GLOBALGAP, which has become a prerequisite for exporting fresh fruits and vegetables to European Union countries, is a product monitoring assurance provided by the European Union (EU) retailers to its consumers. The consumer wants to make a commitment that any food taken from the shelf does not pose a safety risk in terms of food hygiene and is produced through environmentally friendly practices. The manufacturer and / or exporter, who wants to export to the EU, has to prove to the consumer through the retailer that his product fulfills these commitments. As a result of this, the concept of GLOBALGAP Certificate, which is given by third-party independent organizations, which shows that the related commitments are met, has emerged. GLOBALGAP Certificate acts as a passport for the manufacturer and / or exporter to deliver his product to the EU market.

Due to this understanding, which has started to settle rapidly in our country, some large retailers have started to request GLOBALGAP certified products from manufacturers / suppliers as a proof of the reliability of the products they offer to their customers.

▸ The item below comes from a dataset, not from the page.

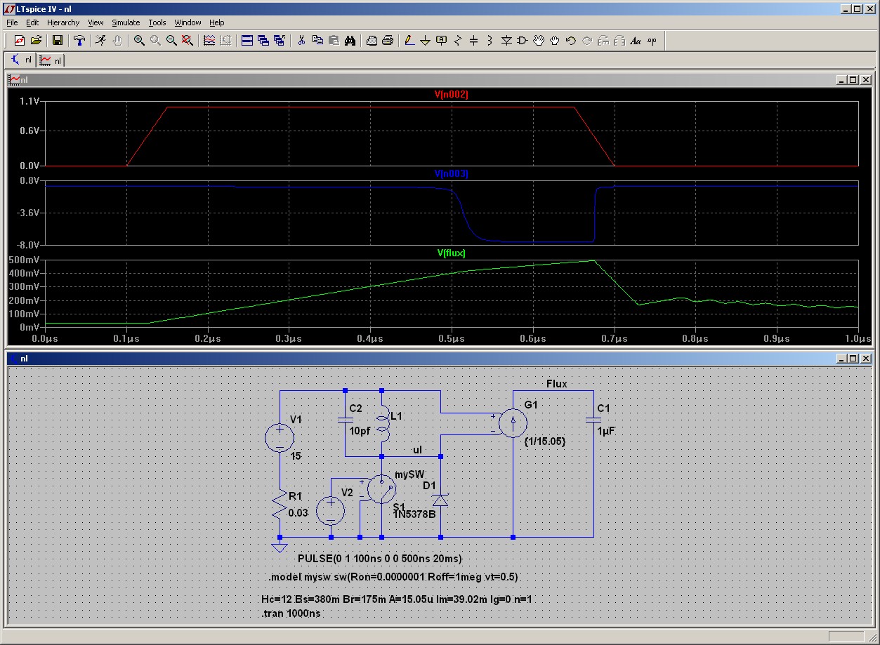 но очень интересная модель - Flyback на реальном сердечнике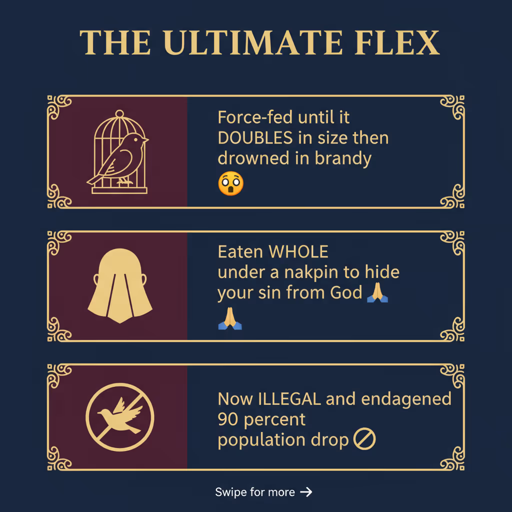 So next time you see a celebrity chef sprinkling salt from a great height, just remember the French aristocracy. They were out here, hiding under napkins, crunching on the bones of endangered songbirds they’d just drowned in brandy. Now that’s extra. 🔥

GLOBALGAP standards are the standards that define the minimum safety conditions demanded by the consumer. Consumers, the food they buy;

· It is not microbiologically, physically and chemically harmful,
Since the environment and natural balance are not harmed during their production,
· It is produced in accordance with legal conditions and
They want to ensure that all necessary measures are taken to ensure the health and safety of the people involved in production.

GLOBALGAP, which is also considered as a quality system in the agricultural sector, focuses on the production in the field, adopts integrated agricultural principles, HACCP and ISO 9001 in terms of food safety and quality; It is a system that is parallel with ISO 14001 standards in terms of environmental management and OHSAS 18001 standards in terms of occupational health and safety. However, it envisages monitoring the Integrated Pest Management and Integrated Crop Management methods.


GLOBALG.AP stands for Social Practice Risk Assessment. GRASP is a voluntary ready-to-use module designed to evaluate social practices on the farm. The Needs catalog consists of 11 standard requirements and one additional QMS requirement that addresses specific aspects of employee health, safety and well-being. GRASP is designed to extend the social standards of your GLOBALG.AP Certification.